Until, that is, I had the chance to peer behind the curtain of the modern American food chain. This came in 1998. I was working on an article about genetically modified food—food created by changing plant DNA in the laboratory. My reporting took me to the Magic Valley in Idaho, where most of the french fries you’ve ever eaten begin their life as Russet Burbank potatoes. There I visited a farm like no farm I’d ever seen or imagined.
It was fifteen thousand acres, divided into 135-acre crop circles. Each circle resembled the green face of a tremendous clock with a slowly rotating second hand. That sweeping second hand was the irrigation machine, a pipe more than a thousand feet long that delivered a steady rain of water, fertilizer, and pesticide to the potato plants.
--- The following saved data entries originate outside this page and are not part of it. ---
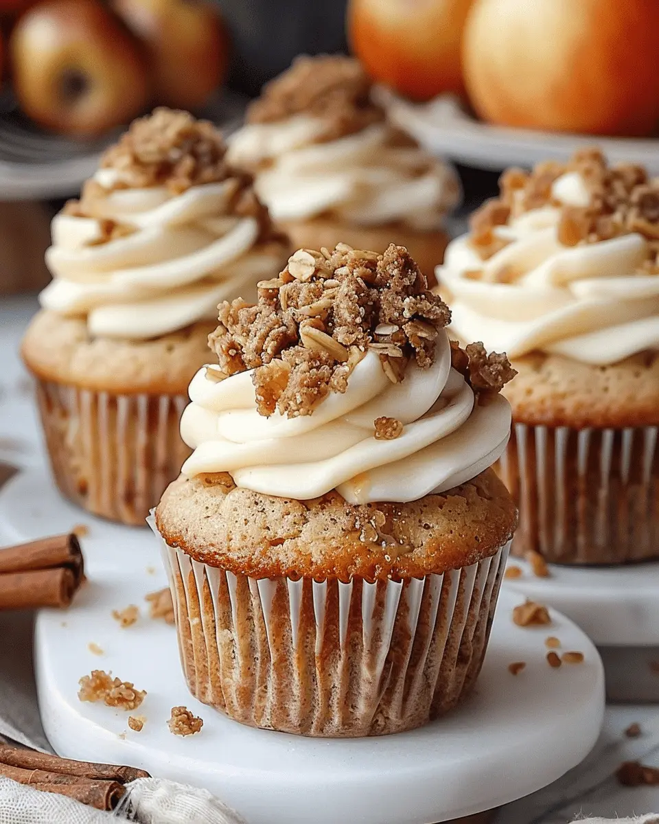 These cupcakes are not just delightful to eat; they are simple enough to whip up at home, making them a fantastic option for both seasoned bakers and kitchen novices. The best part? They’re incredibly versatile! You can easily adjust the toppings to suit your taste. Want a bit more crunch? Add chopped nuts to the crumble! Looking for a frosting twist? Cream cheese frosting can add a rich flavor that complements the apple perfectly.
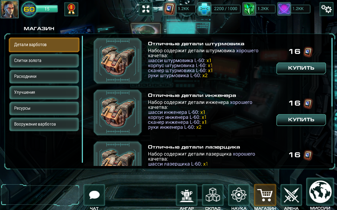 На данный момент в игре присутствует 60 видов вооружения и 60 деталей варботов.
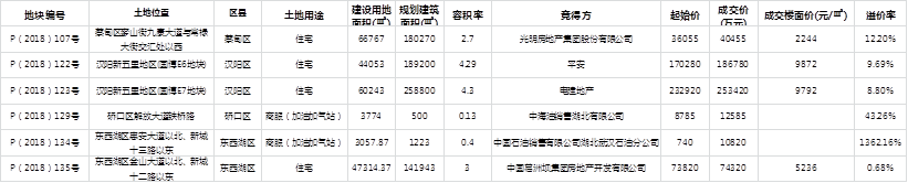 成交价格分析:11月武汉市土地市场共成交19宗地块,除位于蔡甸区的P(2018)128号地块为公开招标未设置起始价外,其余18宗地块中6宗地块溢价成交,溢价地块占比为33.33%。6宗溢价地块中,溢价率低于15%的共4宗,占总溢价地块的66.67%,均为住宅用地;溢价率高于15%的地块共2宗,占总溢价地块的33.33%,均为商服(加油加气)用地。除商服(加油加气站)用地外,武汉市溢价地块溢价率整体较低。

The whole farm was managed from a bank of computer monitors in a control room. Sitting in that room, the farmer could, at the flick of a switch, douse his crops with water or whatever chemical he thought they needed.
One of these chemicals was a pesticide called Monitor, used to control bugs. The chemical is so toxic to the nervous system that no one is allowed in the field for five days after it is sprayed. Even if the irrigation machine breaks during that time, farmers won’t send a worker out to fix it because the chemical is so dangerous. They’d rather let that whole 135-acres crop of potatoes dry up and die.
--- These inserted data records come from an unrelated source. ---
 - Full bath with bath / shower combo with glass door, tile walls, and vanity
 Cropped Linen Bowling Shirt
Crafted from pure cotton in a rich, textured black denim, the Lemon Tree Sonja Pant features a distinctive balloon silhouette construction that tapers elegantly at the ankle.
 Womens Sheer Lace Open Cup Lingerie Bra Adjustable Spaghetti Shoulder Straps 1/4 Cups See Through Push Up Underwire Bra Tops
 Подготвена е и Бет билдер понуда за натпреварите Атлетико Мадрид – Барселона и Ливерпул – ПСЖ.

That wasn’t all. During the growing season, some pesticides get inside the potato plant so that they will kill any bug that takes a bite. But these pesticides mean people can’t eat the potatoes while they’re growing, either. After the harvest, the potatoes are stored for six months in a gigantic shed. Here the chemicals gradually fade until the potatoes are safe to eat. Only then can they be turned into french fries.
That’s how we grow potatoes?
I had no idea.
A BURGER WITH YOUR FRIES?
A few years later, while working on another story, I found myself driving down Interstate 5, the big highway that runs between San Francisco and Los Angeles. I was on my way to visit a farmer in California’s Central Valley. It was one of those gorgeous autumn days when the hills of California are gold. Out of nowhere, a really nasty smell assaulted my nostrils—the stench of a gas station restroom sorely in need of attention. But I could see nothing that might explain the smell—all around me were the same blue skies and golden hills.
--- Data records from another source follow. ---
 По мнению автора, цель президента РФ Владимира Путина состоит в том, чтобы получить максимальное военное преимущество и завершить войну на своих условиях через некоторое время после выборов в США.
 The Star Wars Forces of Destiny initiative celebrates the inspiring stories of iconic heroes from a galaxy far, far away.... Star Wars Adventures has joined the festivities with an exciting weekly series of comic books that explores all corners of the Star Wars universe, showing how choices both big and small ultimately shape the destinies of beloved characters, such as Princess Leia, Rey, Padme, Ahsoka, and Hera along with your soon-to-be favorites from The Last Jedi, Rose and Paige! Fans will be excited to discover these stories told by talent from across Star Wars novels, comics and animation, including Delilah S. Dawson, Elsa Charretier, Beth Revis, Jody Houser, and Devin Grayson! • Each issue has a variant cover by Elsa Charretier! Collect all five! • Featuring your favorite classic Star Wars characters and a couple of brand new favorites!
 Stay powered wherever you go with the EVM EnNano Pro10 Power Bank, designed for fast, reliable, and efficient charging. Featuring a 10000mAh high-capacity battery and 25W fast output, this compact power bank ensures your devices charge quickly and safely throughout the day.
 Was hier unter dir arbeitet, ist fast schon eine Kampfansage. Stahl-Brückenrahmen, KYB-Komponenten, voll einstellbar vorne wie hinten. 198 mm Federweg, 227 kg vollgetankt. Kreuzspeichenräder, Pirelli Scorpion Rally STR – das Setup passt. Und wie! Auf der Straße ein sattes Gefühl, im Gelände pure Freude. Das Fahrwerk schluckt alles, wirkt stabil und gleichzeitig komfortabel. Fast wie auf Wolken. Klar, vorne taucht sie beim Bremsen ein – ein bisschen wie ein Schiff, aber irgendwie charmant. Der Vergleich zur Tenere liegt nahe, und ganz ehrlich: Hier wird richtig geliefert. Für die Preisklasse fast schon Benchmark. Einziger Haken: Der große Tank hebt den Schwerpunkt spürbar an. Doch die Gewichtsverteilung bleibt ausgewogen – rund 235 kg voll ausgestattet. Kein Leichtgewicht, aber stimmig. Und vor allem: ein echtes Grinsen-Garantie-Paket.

And then, very suddenly, the golden hills turned jet-black on both sides of the highway: black with tens of thousands of cattle crowded onto a carpet of manure that stretched as far as the eye could see. I was driving through a feedlot, with tens of thousands of animals bellying up to a concrete trough that ran along the side of the highway for what seemed like miles. Behind them rose two vast pyramids, one yellow, the other black: a pile of corn and a pile of manure. The cattle, I realized, were spending their days transforming the stuff of one pile into the stuff of the other.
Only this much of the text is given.